Archaeological sites around the world are in danger. Political and social upheaval, shifting land usage, illegal digging and looting, and the effects of climate change all pose threats to sites of historical importance. These locations connect us with our cultural heritage and contain artifacts essential to our understanding of the cultures preceding ours. To preserve our past and learn from what it has to offer, important archaeological sites must be identified, protected, prioritized, and studied. Doing so requires the collaborative efforts of government agencies, the public, and researchers alike.
Dr. Shelby Anderson is an archaeologist and Assistant Professor, Department of Anthropology at PSU. Much of her research focuses on late Holocene settlements (i.e., those occupied in roughly the last 2,000 years) in the Bering Land Bridge region of northern Alaska. Dr. Anderson catalogues and sources ancient fragments of ceramics to gain insights into the ways social networks (the movement of people between settlements) helped the former inhabitants of the region cope with environmental and social changes. She collaborates with agencies like the Bureau of Land Management (BLM), fellow researchers in Alaska, and native populations to identify, study, and preserve important archaeological sites susceptible to loss and damage caused by climate change and illegal digging. And she develops and implements methodologies for working in the field in the unique and constantly evolving Alaskan landscape.
In a collaborative research project in association with the National Parks Service (NPS), Dr. Anderson and NPS researchers Michael Holt and Jeremy Karchut are assessing the impacts of climate change on coastal archaeological sites in northwest Alaska’s Kotzebue Sound region. The archaeological sites in this area of Alaska contain important artifacts such as ancient pottery and fragments of bone that can reveal much about the people who lived there and what the environment was like. But these sites and the objects they contain are in danger. The effects of climate change: rising sea levels, coastal and riparian erosion, the increased frequency and intensity of storms, warming of the earth and the melting of artic permafrost will likely mean many of these sites will be lost.
The research team hopes the results of their “Climate Change and Archaeology in Northwest Alaska” study will provide a record of the impact of climate change on archaeological sites in the Bering Land Bridge National Preserve, information which may inform preservation efforts at other sites in the artic coastal regions. Dr. Anderson and her fellow researchers also believe that the lessons learned from data collected on past human/environment interactions can be applied to present day climate challenges faced by the region’s native population.
“We know that climate change is acting on important archaeological sites in this region of Alaska,” Dr. Anderson said. “Archaeologists have been to a few of these sites in recent years, but other sites haven’t been studied in over 30 years. Because so many of the sites have not been examined in a long time, we have little information on the effects of climate change impacts. So our research is informing the larger plan of prioritizing sites by identifying those that are most threatened by climate change.”
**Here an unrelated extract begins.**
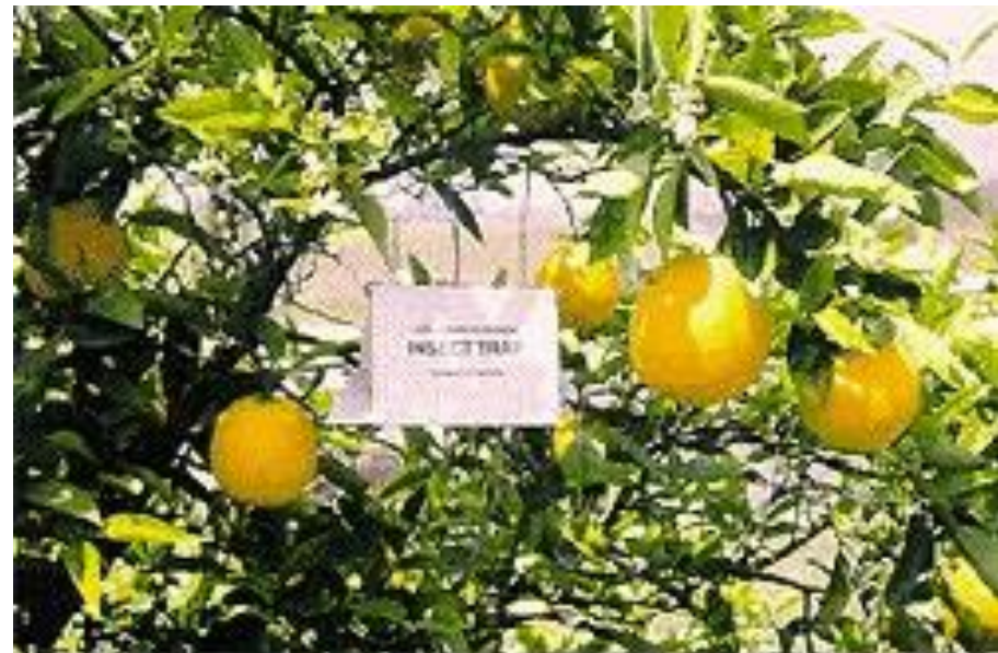
Jackson fruit fly trap in an orange tree.

In another study, Dr. Anderson, in collaboration with BLM, is trying to answer key questions about changes over the last 2,000 years in the socio-economic organization of the artic peoples of North American at a largely unexplored site prone to illegal digging. With the support of the National Science Foundation, Dr. Anderson and her team are excavating at Port Clarence, Alaska. There they hope to find data that will help them answer questions such as when and for how long was the site occupied; were goods and materials moved around the region by the site’s inhabitants through social networks with other living in the area; what did the residents subsist on?Another major focuse of the study is to establish the extent of and address illegal digging by jointly developing an approach to end the practice in the region.
The answers to these questions may provide insight into the collapse and/or replacement of one culture by another that occurred in the region roughly 1,000 years ago and eventually led to the establishment of the Inuit culture that inhabits the region today. More long-term impacts of this joint PSU-BLM study may arise from the collaborative development of a plan to address illegal digging in the region. According to Dr. Anderson, whether studying past climate change on the human scale or working to put an end to illegal digging, collaboration with other researchers, government agencies, and the local populations is essential if we are to protect and learn from these sites.
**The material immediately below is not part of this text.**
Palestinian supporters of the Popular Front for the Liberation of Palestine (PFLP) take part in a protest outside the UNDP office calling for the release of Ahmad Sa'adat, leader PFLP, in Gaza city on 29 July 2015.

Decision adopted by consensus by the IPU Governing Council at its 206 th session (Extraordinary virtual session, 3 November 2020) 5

“When we’re working on a project,” Dr. Anderson said, “collecting data to learn more about how in the past people reacted to and coped with climate change, for example, you need people with skills other than your own. You need partners who can identify animal species by examining their bones, who can analyze datasets on past vegetation, and who can locate the source of clay deposits used to make ancient pottery. And you need community members to help you understand the cultural significance of findings. It takes the cooporation of many to understand the past record.”
Working with her collaborators, Dr. Anderson is illuminating a cross-section of our collective history. Her research tells us more about the people who came before us—the way they lived, how they coped with fluctuations in the environments, and what we need to do today to protect our cultural heritage and preserve the precious data and artifacts buried in the ground in places like Alaska’s Bering Strait region and the Seward Peninsula.